Het college van beroep:
- verklaart het beroep van appellante niet-ontvankelijk.
Aldus gegeven op 6 januari 2025 door mr. B.J. van Ettekoven, voorzitter, T. de Cuba en H. Dirksz, leden, in tegenwoordigheid van mr. M.E.C. Bakker, de secretaris.
Informatie over hoger beroep
• Tegen deze uitspraak kunnen alle partijen hoger beroep instellen bij het Gemeenschappelijk Hof van Justitie.
• Het hoger beroepschrift moet worden ingediend binnen zes weken na de dag waarop deze uitspraak is verzonden.
• Het hoger beroep moet worden ingediend bij het Gerecht dat de uitspraak heeft gedaan.

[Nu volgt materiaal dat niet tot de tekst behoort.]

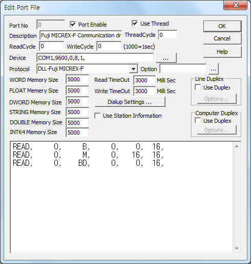 <Figure 1> is read setting example of Fuji MICRREX-F communication driver.

• De indiener van het hoger beroep moet in ieder geval:
- het hoger beroepschrift indienen in tweevoud;
- een afschrift van deze uitspraak bijvoegen;
- vermelden waarom hij het niet eens is met de uitspraak (hoger beroepsgronden).
• Partijen kunnen gebruik maken van de mogelijkheid om binnen de gegeven hoger beroepstermijn te volstaan met een pro-forma hoger beroepschrift. Dit betekent dat de hoger beroepsgronden op een later moment worden ingediend.